My theory is that without careful data analysis on CG's part, these pairs of mismatches could actually make their algorithm look fair! Let's say they are aware that some guilds complain when they get matched against guilds with different numbers of active members. They might go look at the data and say "no wait! The guild with fewer active people seems to win about 50% of the time so it's fine," but in reality, what they're seeing is that in the 1v2 matchups the less-people guild always wins and in the 3v4 matchups the less-people guild always loses, and those offset eachother.

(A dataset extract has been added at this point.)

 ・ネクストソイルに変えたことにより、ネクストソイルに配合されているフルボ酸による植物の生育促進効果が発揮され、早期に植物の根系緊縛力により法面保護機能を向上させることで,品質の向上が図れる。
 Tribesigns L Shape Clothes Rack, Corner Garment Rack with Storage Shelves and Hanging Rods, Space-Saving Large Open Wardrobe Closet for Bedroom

Therefore, my proposal @CG is to try to pair guilds only against other guilds with +/- 2 active members. For the most part it should be possible (even if it makes the matchmaking "scores" behind the scenes look slightly more mismatched), and probably avoids some of these "TW Cheating/Sandbagging" mismatches that people complain about.
(Edited for typos)
Overall, based on the posts on this forum, I see an interesting ranking of guilds from the perspective of TW:
1. Guilds that have 50 active members that play for fun, don't always keep up with the meta, and don't have every top end team
2. Guilds that have 35-45 active members that play for fun, don't always keep up with the meta, and don't have every top end team
3. Guilds that have 35-45 active members that try to keep up with the meta and have pretty strong pvp rosters
4. Guilds that have 50 active members that try to keep up with the meta and have pretty strong pvp rosters
Note that 2 will usually beat 1, because if you're not following the meta, having bigger GP numbers per player probably means having more teams at higher gear levels, even though your guild is outnumbered, which gives you the advantage.
3 will usually beat 2 because they have more meta teams (and 1 because they're basically just strictly stronger 2s)

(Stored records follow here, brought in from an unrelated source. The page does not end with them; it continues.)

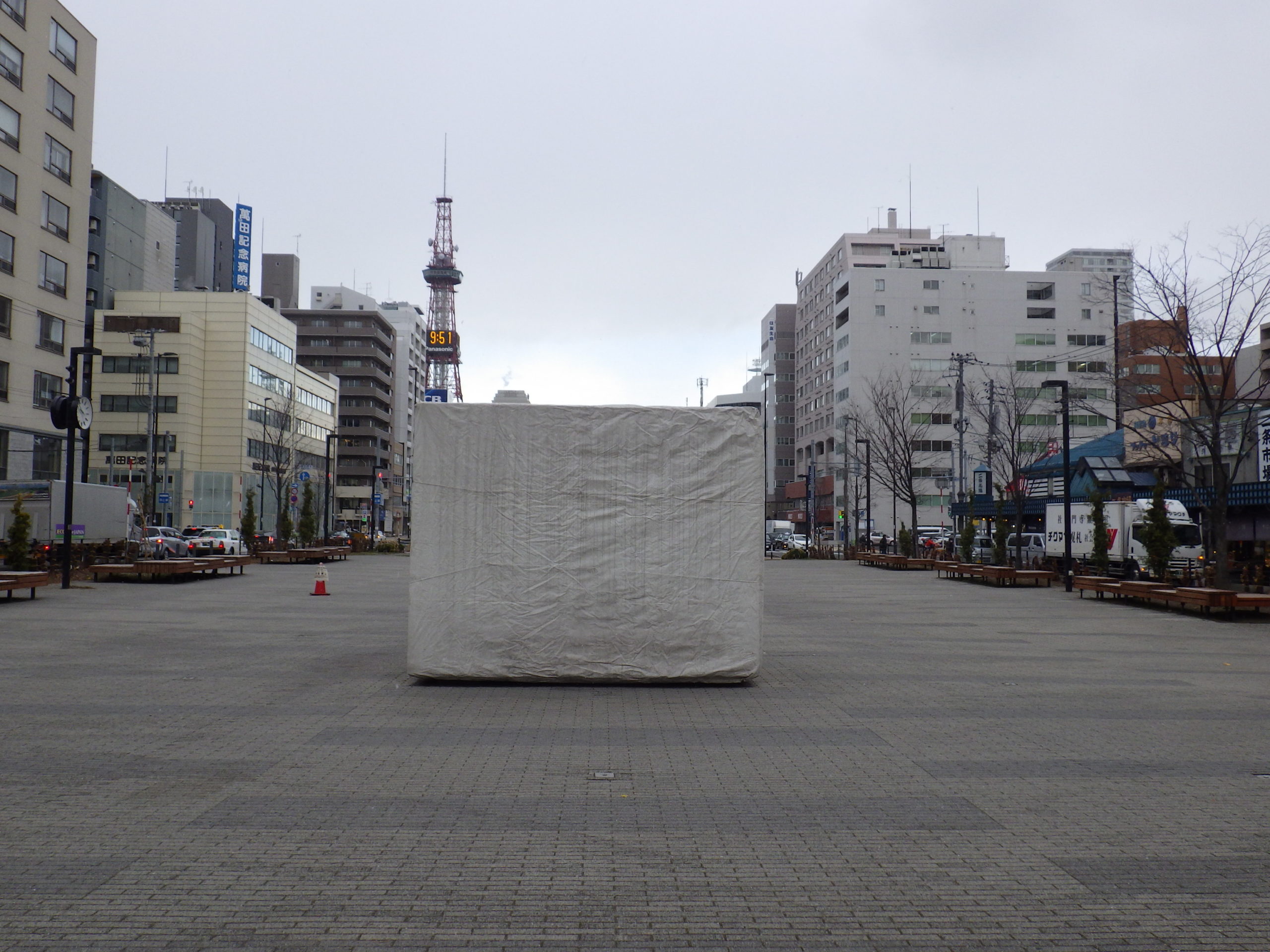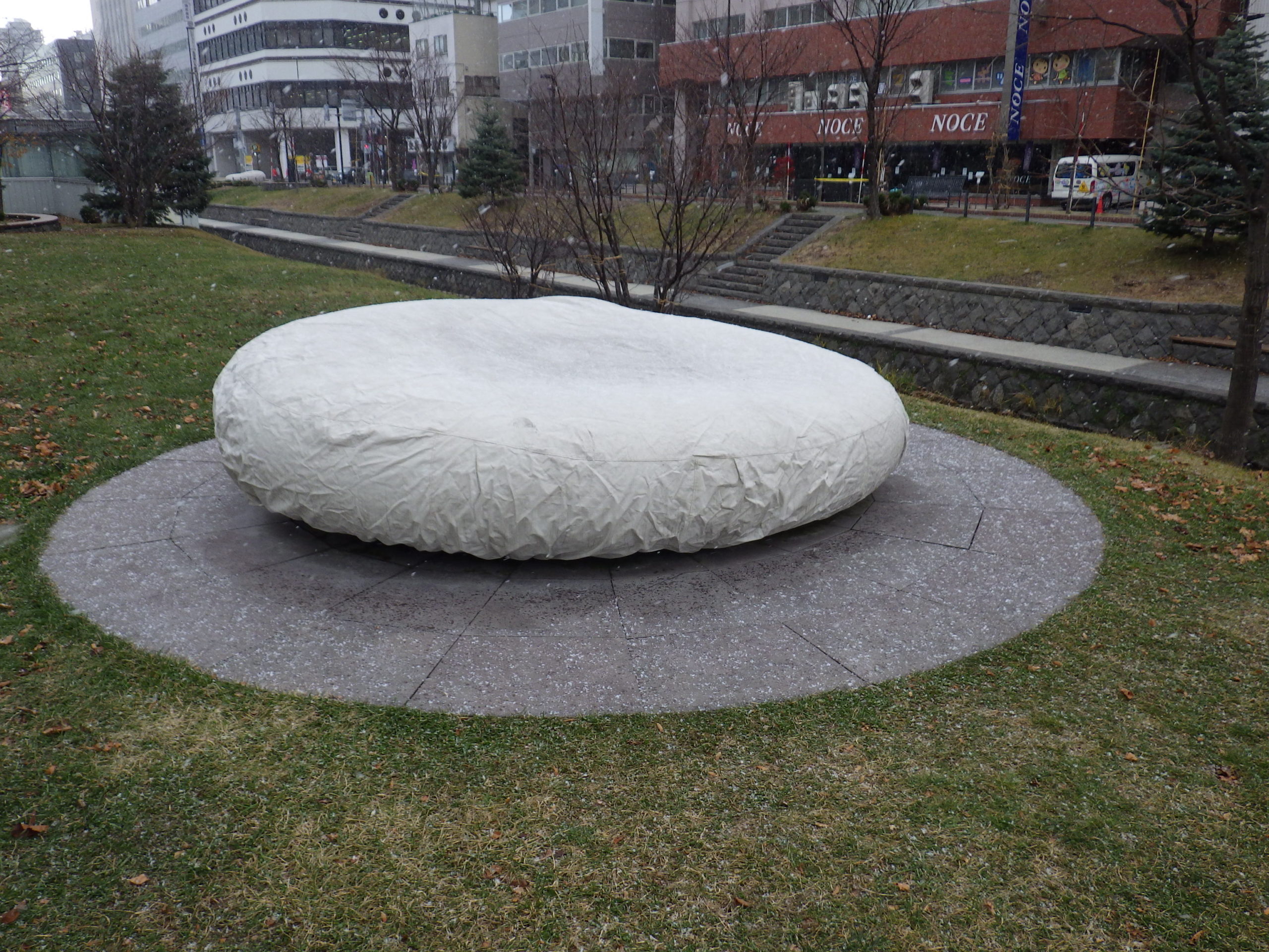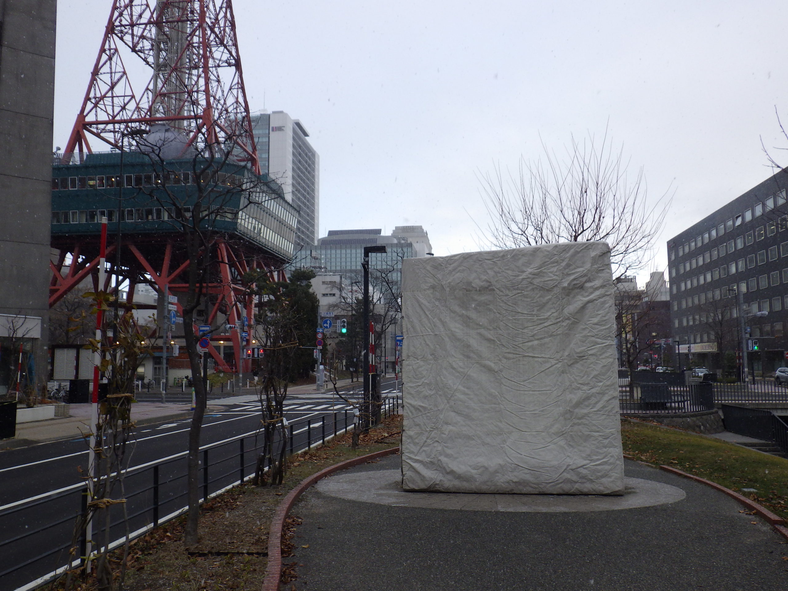 12月3日木曜日、安田侃氏の4つの作品、生誕、生棒、天秘の冬を越すためのシート掛けが行われました。
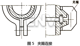 夾箍是一種不帶法蘭的連接,如圖5所示,夾箍連接使螺栓的數(shù)量減少到兩個,使組裝和拆卸都簡化了,有利于快速拆卸。同時(shí)外形尺寸和重量都有所減少,目前有些部門已大量采用。
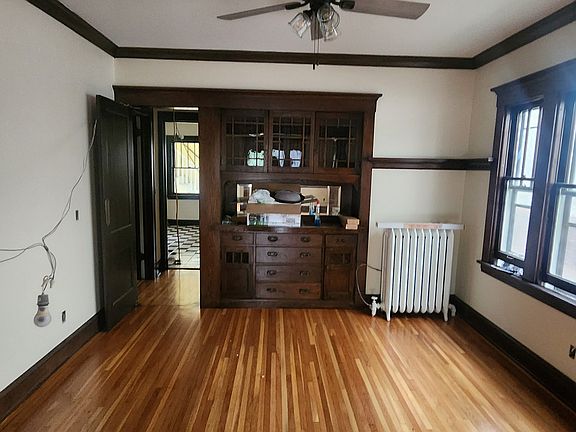 Hardwood floorsFreshly polished hardwood floorsBuilt in hutchBack patio areaBeautiful wood trimStorage locker in basementGood closet space

4 will usually beat 3. We love it when we fight the "sandbagger" guild that has 42 members and 8 alts, because even though it means they have higher GP per player than us, it means we have more meta teams. For example, they *can only* have 42 darth revans, while we have 49, and the same is true for every meta team down the line. That's a huge advantage in our favor. 4 also usually beats 1 and 2 because we have better meta teams *and* more of them. Our only tough matchups are when we get paired against other type-4 guilds, and we actually love that, because it makes for interesting gameplay.
Now here is where CG's matchmaking seems to go wrong: Their matchmaking seems to prevent matchups of 1 vs 4 and 2 vs 3 even given similar GP numbers, because they do some sort of meta-team-analysis. However, it seems to readily allow for 1 vs 2 and 3 vs 4 (For perspective, I'm in a type 4 guild and I'd say 90% of what we fight are type 3 guilds), and the forum posts on here complaining seem to often be type 1 guilds that get paired against type 2 guilds.

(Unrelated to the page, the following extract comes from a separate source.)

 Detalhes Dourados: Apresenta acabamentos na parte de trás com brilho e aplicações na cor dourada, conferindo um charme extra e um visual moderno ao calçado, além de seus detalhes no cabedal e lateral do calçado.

My theory is that without careful data analysis on CG's part, these pairs of mismatches could actually make their algorithm look fair! Let's say they are aware that some guilds complain when they get matched against guilds with different numbers of active members. They might go look at the data and say "no wait! The guild with fewer active people seems to win about 50% of the time so it's fine," but in reality, what they're seeing is that in the 1v2 matchups the less-people guild always wins and in the 3v4 matchups the less-people guild always loses, and those offset eachother.
Therefore, my proposal @CG is to try to pair guilds only against other guilds with +/- 2 active members. For the most part it should be possible (even if it makes the matchmaking "scores" behind the scenes look slightly more mismatched), and probably avoids some of these "TW Cheating/Sandbagging" mismatches that people complain about.